My daughter and I took a walk by ourselves tonight, since my husband was lesson planning. We walked by our park, and there are signs here and there which read: “Enjoy the outdoors responsibly” with a icons of a bicyclist, a roller skater and a runner, and between each one it says “<—6 feet—>”. Nothing creepy or sci fi/dystopian future there, nope. Let me be clear: I get it. These signs are necessary. The social distancing is necessary. The “safer at home” rules are very much necessary. I am in full agreement, and following all of the rules to the letter. But it’s hard to shake the absolute weirdness that has infiltrated every aspect of our lives. It all happened so fast, and I admit I’m struggling to keep up. This may be the new normal, but it doesn’t feel anything like normal. I’m slow to adjust.
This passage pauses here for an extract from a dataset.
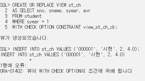 INSERT INTO st_ch VALUES ('000001', '시현', 2, 4.0); // 뷰를 통해 검색되지 않는 데이터는 입력 불가

Bright side: I saw two live concerts from my couch today. I’m loving that part of this reality. Tomorrow Stacy London of What Not to Wear fame will do another Instagram Live Q and A with her audience, who can basically FaceTime her and ask her their pressing fashion questions. She is delightful, and I have been a fan and admirer for a long time. Little known fact: I was such a big fan of WNTW that I was chosen to Skype a message that was included in the series finale, basically talking about what the show had meant to me as a viewer. I mean, I was one of a few dozen chosen, but it was still very cool. I love Stacy London, and listening to her help other fans is always so much fun. She’s smart and funny and approachable. Her book The Truth About Style is fantastic, as an aside. It’s all of the adjectives I just used to describe Stacy, plus thoughtful and touching. Deep, even. If you’re looking for a great quarantine read, I highly recommend it. I forgot to include her recent Instagram Live sessions in the list of things I’m grateful for in the midst of all this craziness. She makes things feel brighter for a little while.

Anyway, it’s 12:35 a.m., and while I won’t post this tonight, it’s time to wrap it up. Have you found your new normal? And if not, what would you like it to look like when you get there? Oh, and could you send directions?